-------- Material shown

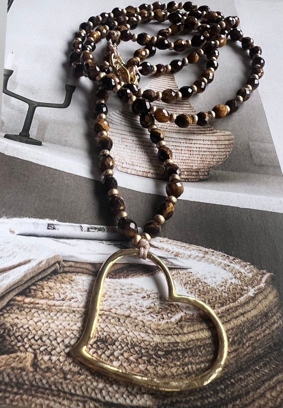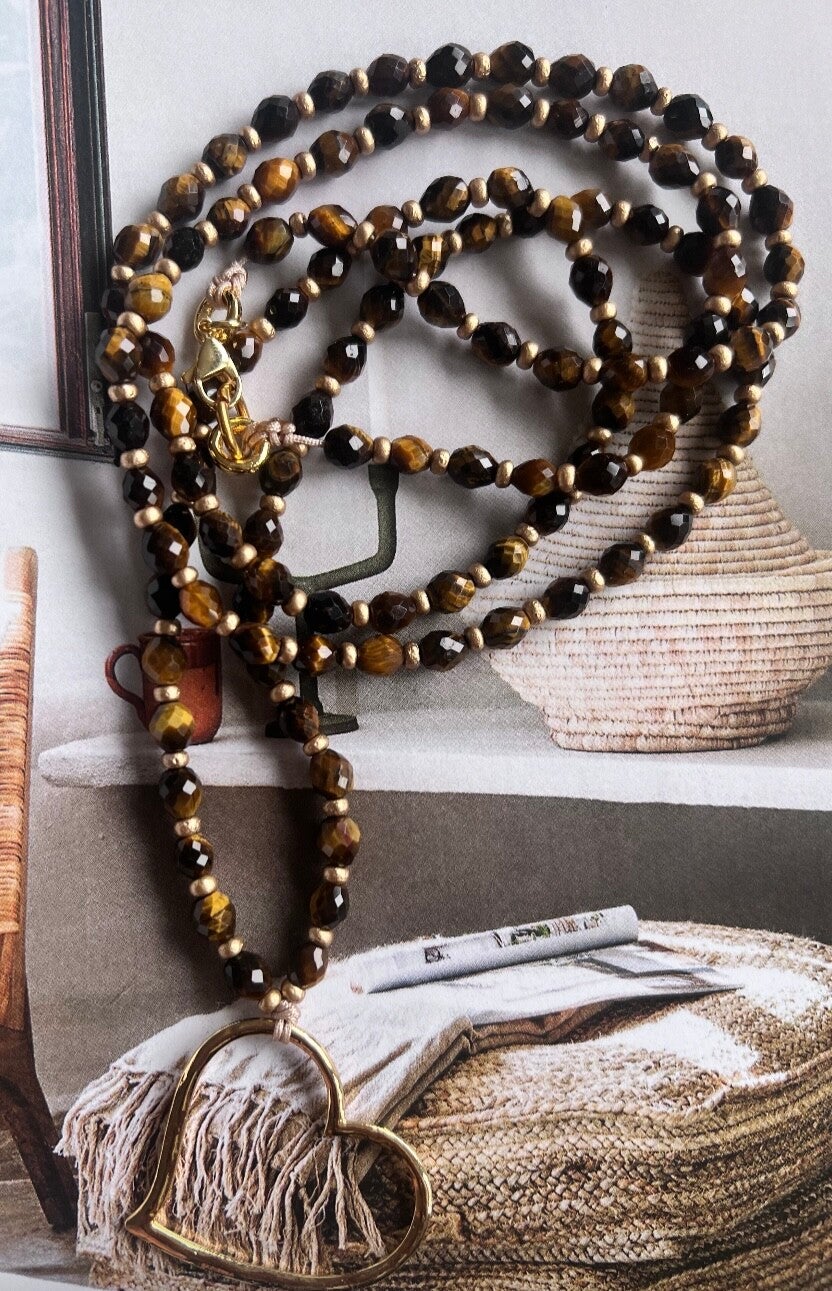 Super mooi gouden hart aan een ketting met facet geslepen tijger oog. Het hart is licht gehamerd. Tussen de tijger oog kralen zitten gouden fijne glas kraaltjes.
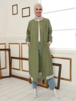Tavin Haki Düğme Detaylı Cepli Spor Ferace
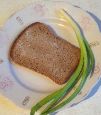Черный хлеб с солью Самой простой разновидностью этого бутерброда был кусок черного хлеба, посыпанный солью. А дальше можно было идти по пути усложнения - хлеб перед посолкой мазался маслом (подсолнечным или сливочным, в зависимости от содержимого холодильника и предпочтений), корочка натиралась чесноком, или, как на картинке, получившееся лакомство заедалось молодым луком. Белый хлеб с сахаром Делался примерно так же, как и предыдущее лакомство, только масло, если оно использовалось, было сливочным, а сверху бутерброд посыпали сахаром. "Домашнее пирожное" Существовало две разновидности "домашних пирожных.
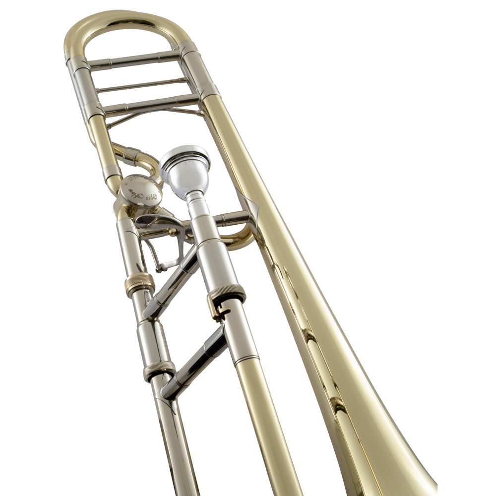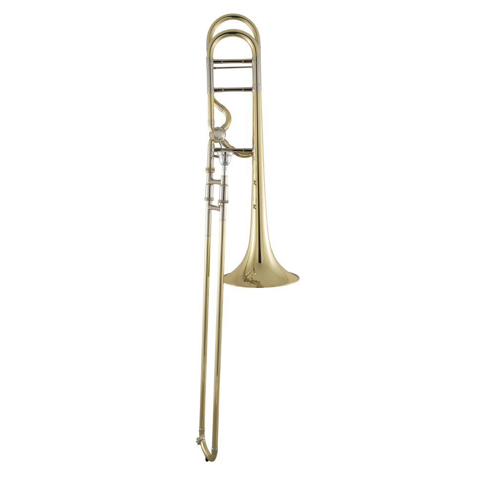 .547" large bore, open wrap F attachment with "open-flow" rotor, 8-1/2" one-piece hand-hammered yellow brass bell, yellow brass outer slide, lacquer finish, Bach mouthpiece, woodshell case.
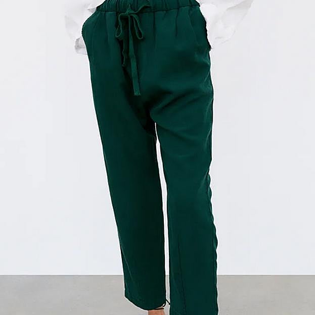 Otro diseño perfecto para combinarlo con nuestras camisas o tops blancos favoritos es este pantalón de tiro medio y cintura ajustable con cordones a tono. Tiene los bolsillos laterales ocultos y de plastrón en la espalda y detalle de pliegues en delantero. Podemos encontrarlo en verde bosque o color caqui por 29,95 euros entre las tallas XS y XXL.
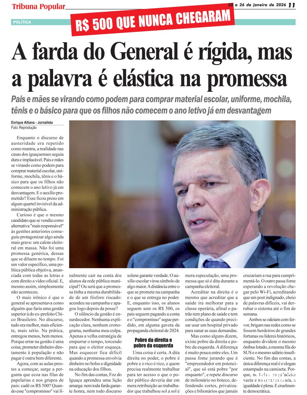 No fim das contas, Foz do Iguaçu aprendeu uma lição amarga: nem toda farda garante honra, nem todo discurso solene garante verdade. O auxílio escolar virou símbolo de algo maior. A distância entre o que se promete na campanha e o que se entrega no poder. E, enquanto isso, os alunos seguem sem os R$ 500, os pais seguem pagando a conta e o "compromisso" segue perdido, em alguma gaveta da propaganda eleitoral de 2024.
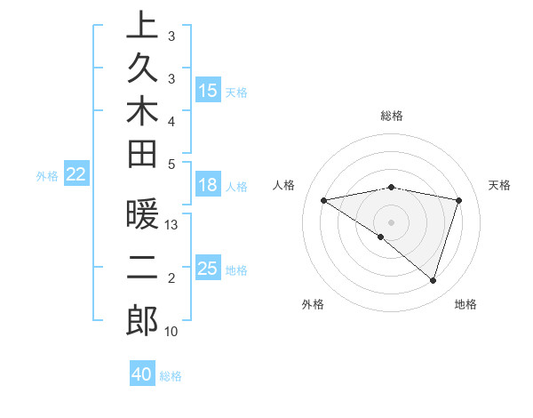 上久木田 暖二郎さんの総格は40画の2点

----------------

> **Exercise directions**
From the line containing "mouthpiece, woodshell case." to the final line of the entries, both included, transcribe every line exactly, omit the pictures, and add nothing more.

> **Solution for this exercise**
 .547" large bore, open wrap F attachment with "open-flow" rotor, 8-1/2" one-piece hand-hammered yellow brass bell, yellow brass outer slide, lacquer finish, Bach mouthpiece, woodshell case.
 Otro diseño perfecto para combinarlo con nuestras camisas o tops blancos favoritos es este pantalón de tiro medio y cintura ajustable con cordones a tono. Tiene los bolsillos laterales ocultos y de plastrón en la espalda y detalle de pliegues en delantero. Podemos encontrarlo en verde bosque o color caqui por 29,95 euros entre las tallas XS y XXL.
 No fim das contas, Foz do Iguaçu aprendeu uma lição amarga: nem toda farda garante honra, nem todo discurso solene garante verdade. O auxílio escolar virou símbolo de algo maior. A distância entre o que se promete na campanha e o que se entrega no poder. E, enquanto isso, os alunos seguem sem os R$ 500, os pais seguem pagando a conta e o "compromisso" segue perdido, em alguma gaveta da propaganda eleitoral de 2024.
 上久木田 暖二郎さんの総格は40画の2点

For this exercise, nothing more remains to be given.